しかしさっきから敬語で返していても特に気にする様子はないので普段からこんな感じだったのだろうか?


「わかった…まぁ心して聞いてくれ。吸血鬼って覚えてるか?あの昔話した伝説とかに出てくる」

吸血鬼といえばWRYなお方とかイギリスの国教騎士団の旦那さんだったりうー☆なお嬢様?

まぁイメージ的には血を吸う夜行性の化け物でいいんだろうか?イメージに違いがありそうだし、とりあえず知らないということで

「えぇと…あまり覚えてないです」

「覚えてないか、吸血鬼っていうのは夜に人を襲って血を吸ったり、日光を浴びると灰になったりするって言われてるモンスターなんだが。物語上の化け物って言われてるけど、昔の父さんの知り合いに一人居るんだ」

魔法がある世界で物語上って言われても説得力無いもんなぁ…居てもおかしくないだろ。

「それでな、その吸血鬼が言っていた特徴が今のお前にすごく当てはまるんだ」

「はぁ・・・」

お前吸血鬼になったんだぞ的な事を言われても全く実感が無いし、この世界での扱いもわからないのでので生返事しかしようがない。それに父親も朝食を食いながら話していて、特に悲観的にも見えないしイマイチ緊張感がない。


そう思いつつパンとチーズを頬張る。パンは特に変わった様子もないパンで、チーズはプリっとした歯ごたえでゴムの様な味がして、なかなか癖になる味だ。


「あの…吸血鬼だと言われてもどうすれば…」

イマイチ緊張感が無いので、その事を聞いてみる。

「父さんも詳しいわけでは無いけれど…吸血鬼は簡単に言えば魔力を使って動く死体みたいな物で、体が生きてないから魔力が回復しない。それで、人から血を吸って魔力を取らないと動けなくなるらしい。まぁ意思のあるグールみたいな物だよ。それに太陽を気をつけて、血を取って魔力補給しておけば大丈夫だろうからあのまま死んでしまうよりはよかったんじゃないか?」

グールというのは昨日の本にも書かれていたけど、魔法を使って動かしている死体…つまり魔力を燃料に動くゾンビらしい。なんかゾンビと例えられるのは嫌だな。あと娘が吸血鬼になったっていうのに父親がやたら脳天気な思考回路に思えるのは気の所為だろうか?それともそういった世界なのだろうか?

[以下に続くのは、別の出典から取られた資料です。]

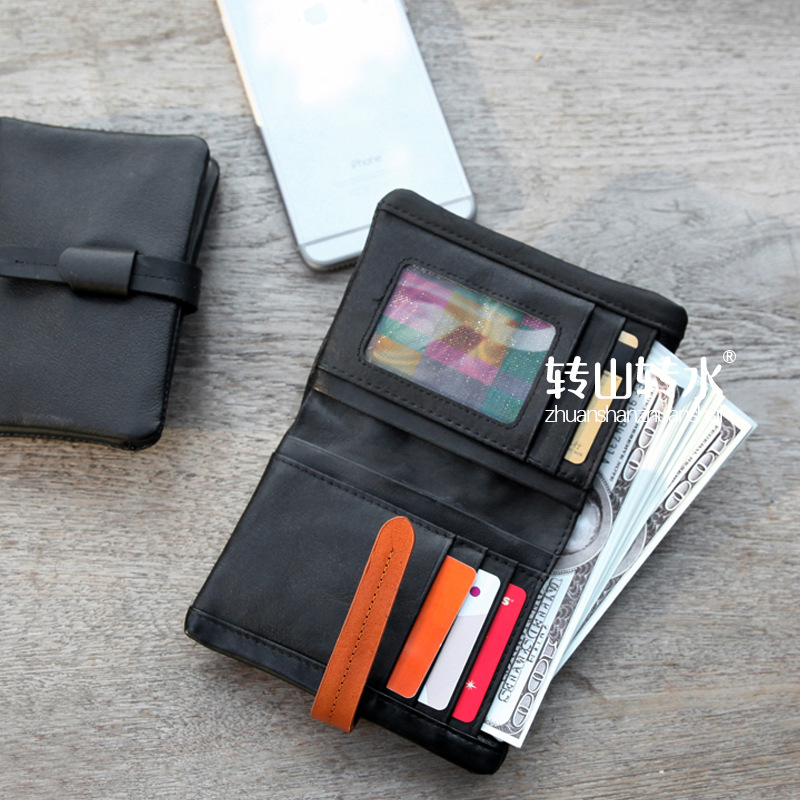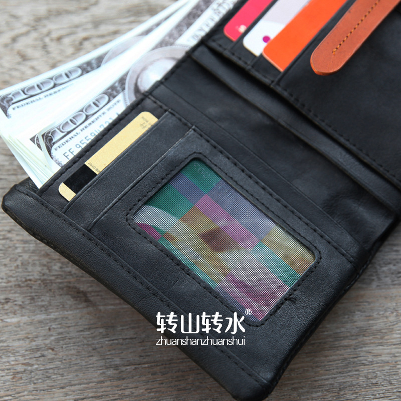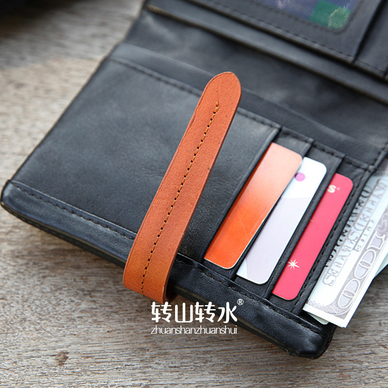2025년 신형 도시적 심플 남성용 배색 짧은 가죽 지갑, 1층 소가죽, 식물성 무두질 가죽, 다기능 세로형 지갑스토어 가기
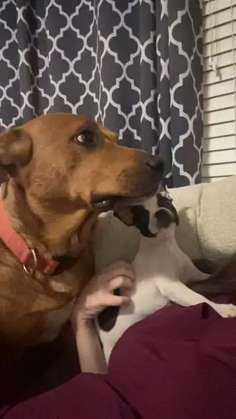 Wearing a “play on” dog collar. Carmel, in tact, male terrier / dachshund mix. Collar, no chip, no tag. Well behaved, well fed.

あと吸血鬼って流れる水を渡れないとか、にんにくが苦手とか無かったか?よく知らないようだし父親が知らないだけかもしれない。


「とりあえず、父さんは詳しく分からないからその吸血鬼の知り合いに連絡してみるよ。とにかく日光に当たらないよう気をつけて魔法も使わないようにしなさい」

「分かりました」

とりあえず日光を気をつける様にしよう。

悲観的じゃない所が気になるが、彼が言うには問題が無さそうだしいいか。

よくわからない事だらけだが、とりあえず食事を終えたら自室に戻って魔法や歴史の本を呼んで勉強でもしておこう。